Readers: You with ourselves have looked upon a very ugly thing since we last met in the pages of The Continental. A Briareus-handed, multiple-formed, Proteus-faced monster, of huge dimensions, wickedly scheming brain, myriad fanged, and every fang imbued with virulent copperhead poison, stormed through our streets in the light of day and in the gloom of night, during many ghastly hours, knowing no law save its own wicked will, while Treason, Cruelty, House-breaking and House-burning, Robbery, Assassination, Torture, Hanging, Murder, stalked on in its wild train of horror. But we know its face now, and it will be our own fault if anything so foul shall e'er be seen again in our midst. We must be on the alert to act when called upon—not to suspect the innocent, but to guard against the guilty.

'Thus do all traitors:
If their purgation did consist in words,
They are as innocent as grace itself.'

'There is no fear of God in a riot.' We must confess ourselves to have been strangely startled when we found of what nation the rioters were mainly composed. The race whom we had received with the most generous hospitality, rescuing them from starvation and oppression at home—men whom we were hourly teaching to be freemen; women whom we were patiently and painfully instructing in the domestic arts of civilized life, took up arms against our Government, our laws, and ruthlessly pursued the innocent with fire and sword! The race of the old faith of the true St. Patrick, fresh from the 'Isle of Saints,' from which he had himself exiled all copperheads and venomous reptiles, blessed with good and true Priests of the old Religion, with the sweet face of the Blessed Virgin Mary to smile down upon them in their chapels, teaching them reverence for womanhood, and feeding as they firmly believe upon the glorified Body which is hourly broken to exalt and purify humanity, fell in fierce assault upon us. Men from the land of Burke, Curran, Emmet, Moore, Meagher, rose to pillage, burn, and assassinate! Irishmen, afraid to fight for the country which had adopted them as sons! massacring their benefactors! trailing Old Erin's loyal harp for the first time in the dust! bringing shame on the glorious Emerald Isle, and sorrow to the struggling country which had given them a home! Irishmen, taking the laws in their own hands, trampling our Stars beneath their feet—that flag which had first assured them they were men, citizens, with a right to home and happiness! What wonder that we fail to recognize the strong, sturdy, brave, heady, helpful, generous, and impulsive children of the 'Gem of the Sea?' And what shall we say of the venerated Archbishop?

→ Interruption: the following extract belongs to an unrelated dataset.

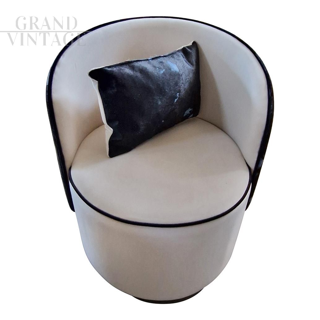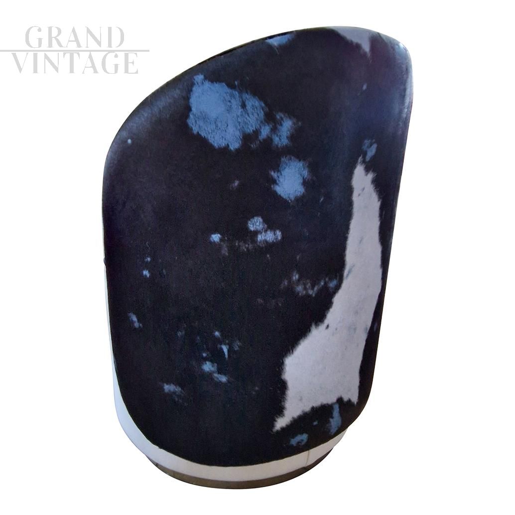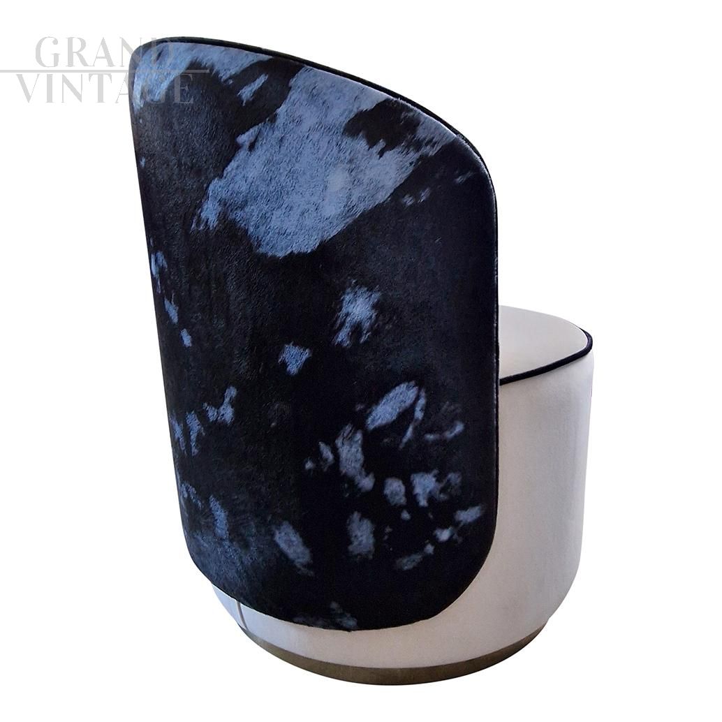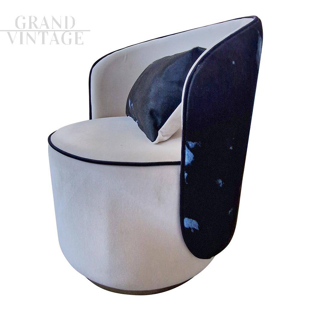 Tub armchair in white velvet and blue and light blue dyed ponyskin

'By holy Paul, they love his Grace but lightly,
That fill his ears with traitorous, murderous rumors.'

Alas! the worst is not yet told. Irishmen and Irishwomen, with the sad face of the Mother of the Lord for ever teaching them pity from their altars, fell like fiends from hell upon the unfortunate negro, driving him, a child of Christ, from the poor home he had won with so much toil; robbing him of all he possessed; burning his miserable refuge; frightening into madness his patient wife; braining his children; hounding the panic-stricken unfortunate from street to street, and torturing, mutilating, drowning, and assassinating him! For what, in the name of Heaven? Because he breathed the air of his native land, and dared to pray to the God that made him; because he wanted work for his black and brawny arm, to support his cheerful black wife, and his jolly, woolly-headed children!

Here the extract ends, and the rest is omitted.